::: RECORDS SHOWN
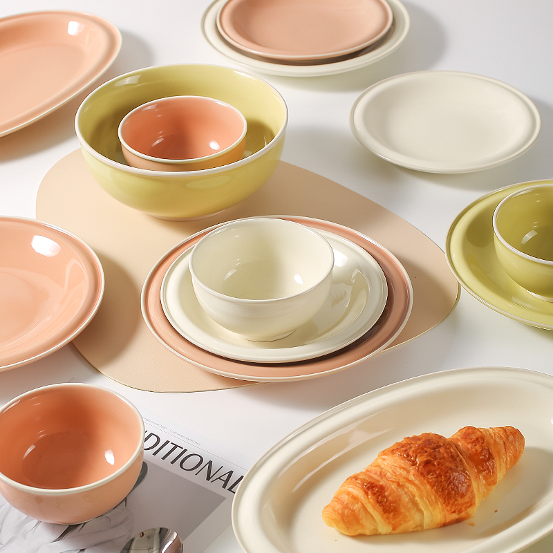 【可盘可碗】5色陶瓷盘子家用菜盘深汤盘加厚加深圆形餐具水果盘
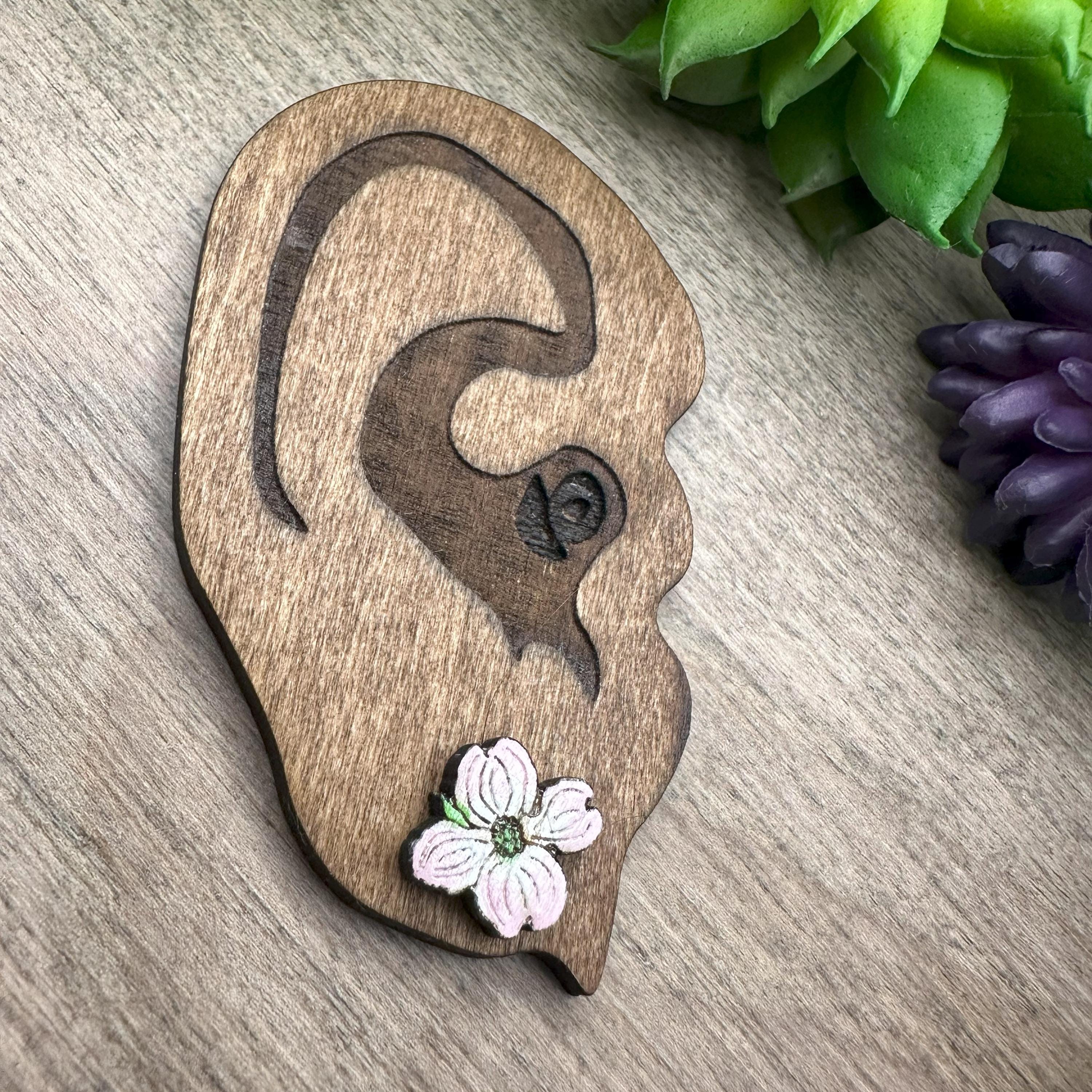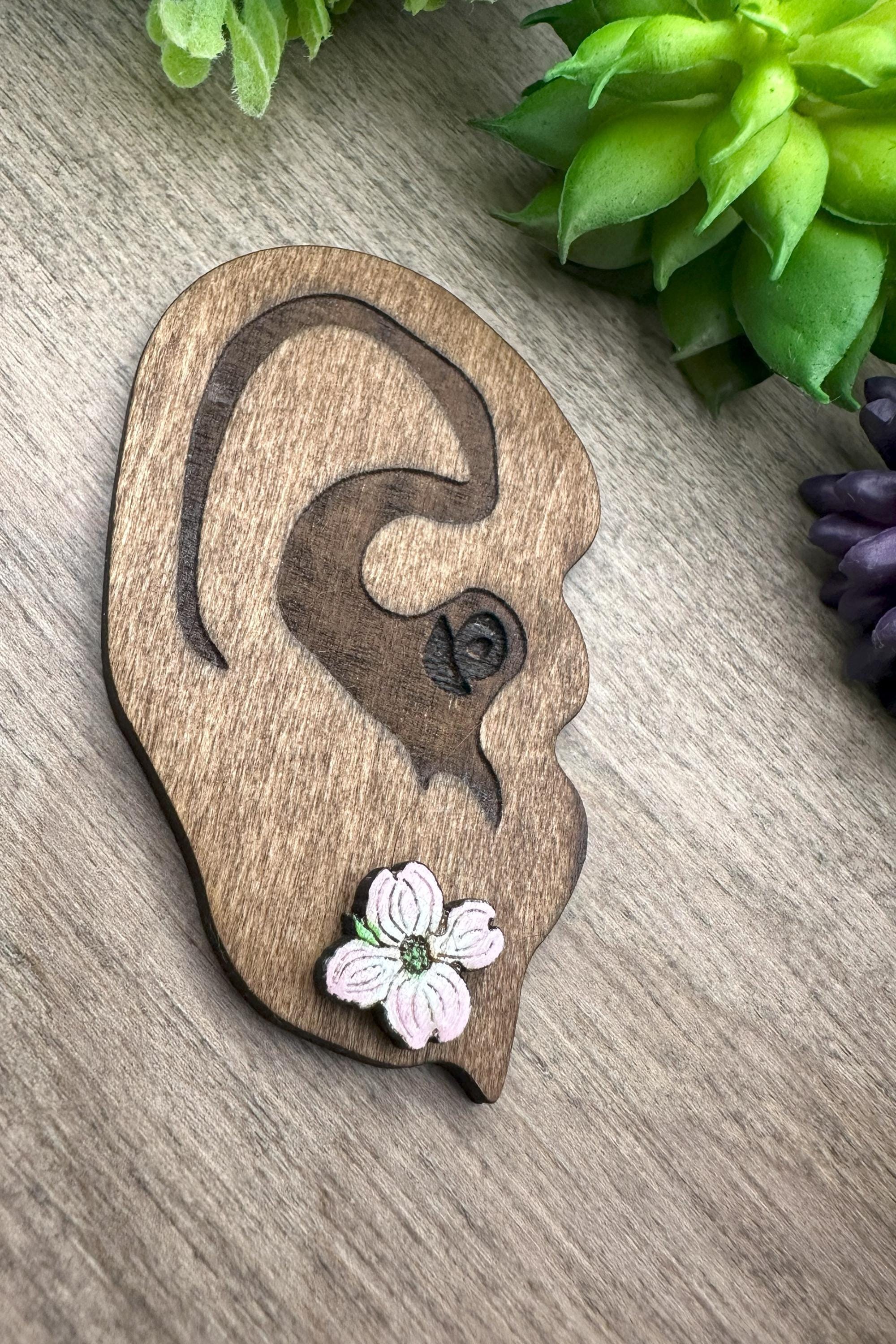 Inspired by the delicate beauty of spring blooms, these dogwood flower earrings capture the charm of nature with hand-drawn floral details and a soft pink wash that shimmers subtly in the light. Crafted from laser-cut 3mm basswood, each pair features botanical jewelry artistry that brings a fresh and elegant touch to your look. Perfect as wood stud earrings for those who appreciate small flower studs with a unique, hand-painted finish.
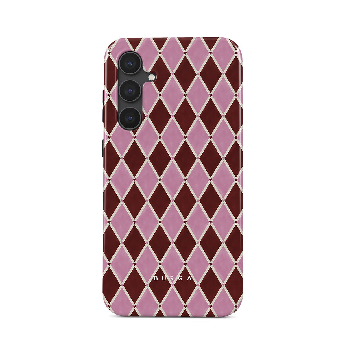 This design features: harlequin pattern, pink diamonds, deep red background
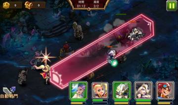 战斗流程采自动攻击,而当英雄头像下方的计量表满格时就可以手动施展技能。本作最大的特色就在于其采用了「指向性技能系统」,让玩家可以自行选择技能的攻击方向或位置。
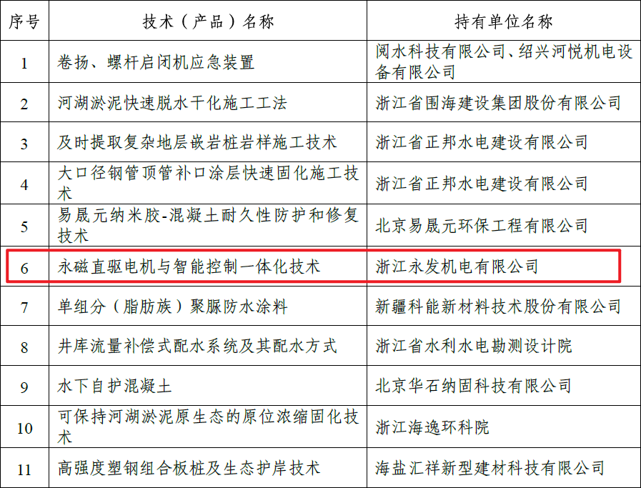 為進一步推動浙江省水利工程建設(shè)領(lǐng)域技術(shù)創(chuàng)新和成果轉(zhuǎn)化,提升水利工程建設(shè)的科技水平,經(jīng)征集、評審和公示等程序,結(jié)合近三批《浙江省水利新技術(shù)推廣指導(dǎo)目錄》,由浙江永發(fā)機電有限公司自主研發(fā)的“永磁直驅(qū)電機與智能控制一體化技術(shù)”等共28項技術(shù)(產(chǎn)品)列入2020年度浙江省水利工程建設(shè)領(lǐng)域新技術(shù)推廣應(yīng)用清單。
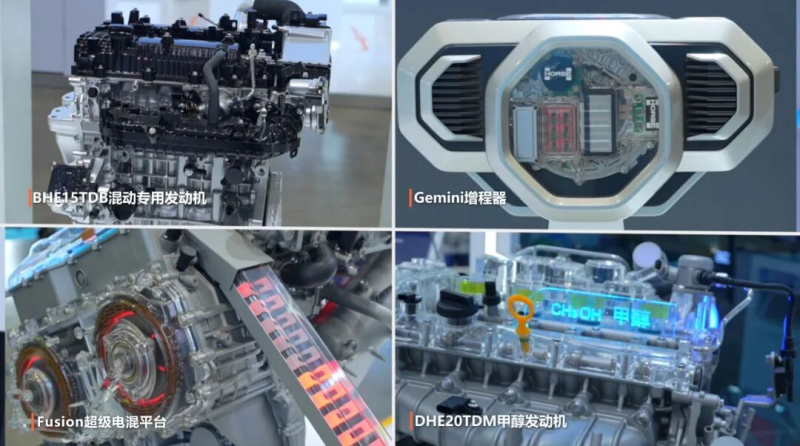在混动发动机方面,浩思动力重点展出的BHE15TDEB混动专用发动机,凭借47.26%的最高量产热效率被誉为“省油大师”,作为全球量产最高热效率混动发动机,实现车辆馈电油耗与动力的平衡输出。而现场展示的DHE20TDM甲醇发动机以48.15%的超高热效率通过权威认证,同时支持甲醇、乙醇等低碳燃料适配,为多场景零碳转型提供新选择。
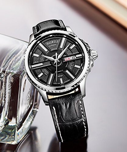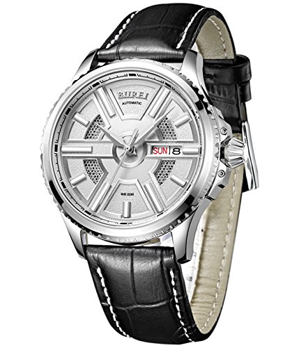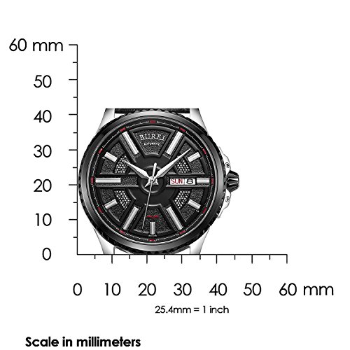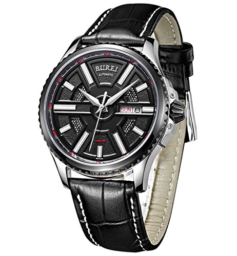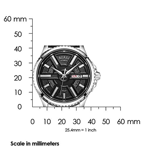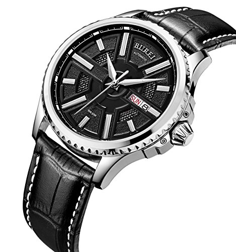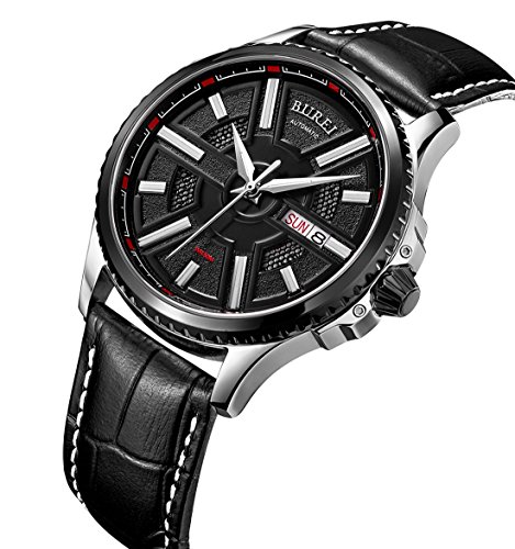 -. Title : BUREI Men's Stainless Steel Automatic Skeleton Wrist Watch with Black Leather Strap and Quartz Dial
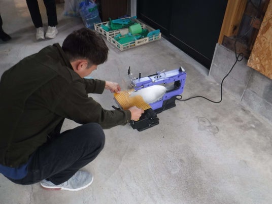 今回、トンカンテラスの協力で、回収したごみの一部を活用し、トイレサインを作りました。トンカンテラスは、海岸に流れつく大量のプラスチックごみの問題に取り組む団体で、海洋プラスチックをアップサイクルした商品を開発・販売しています。
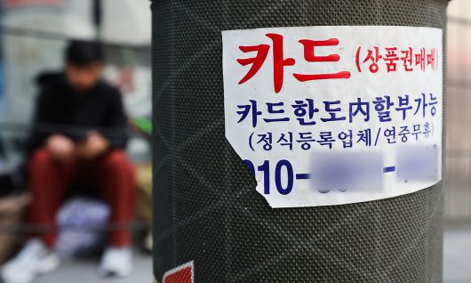서민들의 대표적인 '급전 창구'로 꼽히는 카드론 금리가 15%에 육박했다. 사진은 서울 시내 거리에 붙은 신용카드 대출 광고물. 뉴스1 |
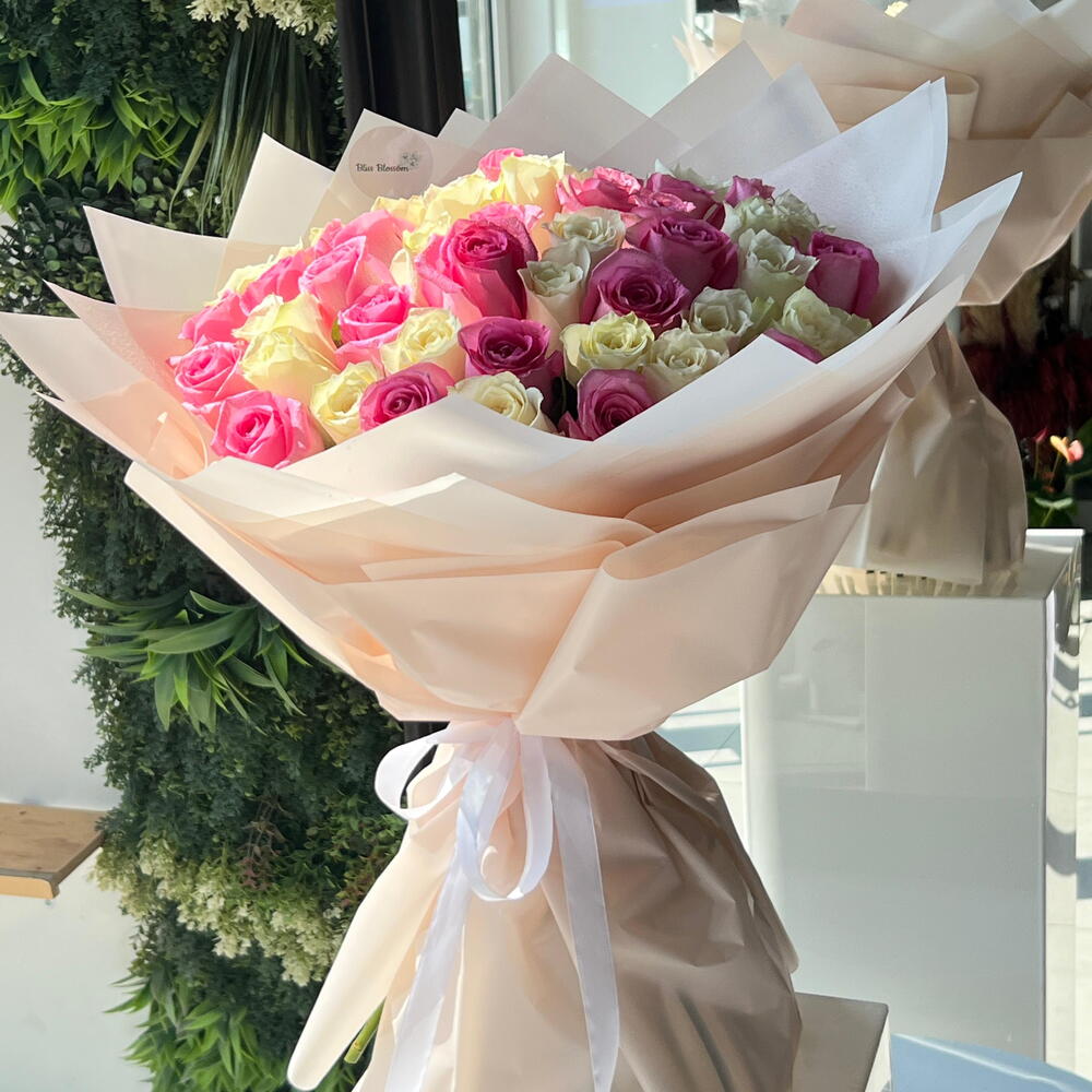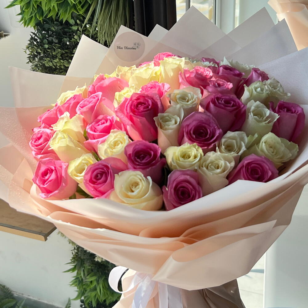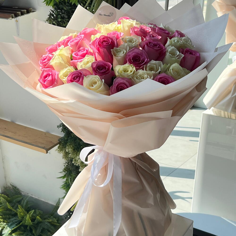 Ощутите расцвет любви, благодати и чистоты с этим потрясающим моно-букетом. Мастерски составленный, он представляет собой гармоничное сочетание 25 нежных розовых роз, символизирующих восхищение, радость и благодарность, эффектно контрастирующее с 26 безупречно белыми розами, символизирующими чистоту, невинность и очарование. Этот букет — вечное свидетельство красоты и искреннее послание глубоких чувств. Идеален для любого случая: каждый цветок был тщательно отобран, чтобы обеспечить долговечность и максимальную свежесть.
::::::
TASK TO COMPLETE: Excluding the pictures, restate word for word the lines from the one that holds "今回、トンカンテラスの協力で" through the last line of the entries, both ends included.

FINAL ANSWER:
 今回、トンカンテラスの協力で、回収したごみの一部を活用し、トイレサインを作りました。トンカンテラスは、海岸に流れつく大量のプラスチックごみの問題に取り組む団体で、海洋プラスチックをアップサイクルした商品を開発・販売しています。
서민들의 대표적인 '급전 창구'로 꼽히는 카드론 금리가 15%에 육박했다. 사진은 서울 시내 거리에 붙은 신용카드 대출 광고물. 뉴스1 |
 Ощутите расцвет любви, благодати и чистоты с этим потрясающим моно-букетом. Мастерски составленный, он представляет собой гармоничное сочетание 25 нежных розовых роз, символизирующих восхищение, радость и благодарность, эффектно контрастирующее с 26 безупречно белыми розами, символизирующими чистоту, невинность и очарование. Этот букет — вечное свидетельство красоты и искреннее послание глубоких чувств. Идеален для любого случая: каждый цветок был тщательно отобран, чтобы обеспечить долговечность и максимальную свежесть.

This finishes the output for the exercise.